Training or fine-tuning a model is a separate cost line. For text-based models, you’ll pay a per-1,000-tokens-trained rate. For image-based or multimodal models, it might be per image processed. You’ll also pay a monthly storage fee for the resulting custom model, plus the hourly rate for any inference you run once it’s deployed.

Token-Based Example

Take Amazon Titan Text Lite as an example: the cost to train 1,000 tokens is $0.0004, and storing the custom model each month is $1.95. Once you’ve fine-tuned it, you can’t run it in on-demand mode; you must spin it up under the provisioned throughput plan, starting at $7.10 per hour for no commitment. If your training corpus has 1 million tokens and you run five epochs, you’d process 5 million tokens total. At $0.0004 per 1,000 tokens, that training job would cost around $2 (5 million tokens / 1,000 × 0.0004 = 2).

Although $2 for training sounds low, you might find that a large-scale dataset or more complex model raises the cost significantly. For instance, Amazon Nova Pro charges $0.008 per 1,000 tokens. That same 5 million-token job would be $40 to train. The monthly storage for the custom model remains $1.95, but the bigger expense usually comes from the subsequent inference hours once you run that model in production.

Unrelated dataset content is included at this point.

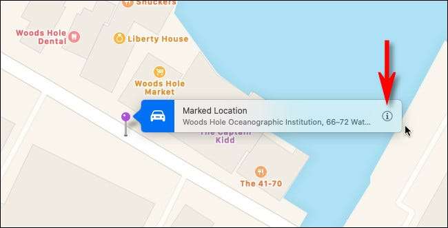 Na bolha "Localização marcada" que aparece ao lado do pino do mercado, clique no botão "Info" (que se parece com uma minúscula "i" com um círculo em torno dele).

Image-Based or Embeddings Fine-Tuning

If you customize the Amazon Titan Image Generator, each image used in training is $0.005, plus the same $1.95 monthly storage. Inference for that custom version is $23.40 per hour at no commitment. If you commit to a month or six months, your hourly rate will drop. It’s important to estimate how many images you plan to train on and how large your concurrency might be once your model goes live.

Distillation

Bedrock Model Distillation can lower inference costs in the long run by producing smaller student models, but you pay for the synthetic data generation from a teacher model and the fine-tuning step. If you plan to run a huge teacher model at on-demand rates for many tokens to create synthetic data, that can be expensive. However, the final student model might cost less per hour to run once you place it on provisioned throughput.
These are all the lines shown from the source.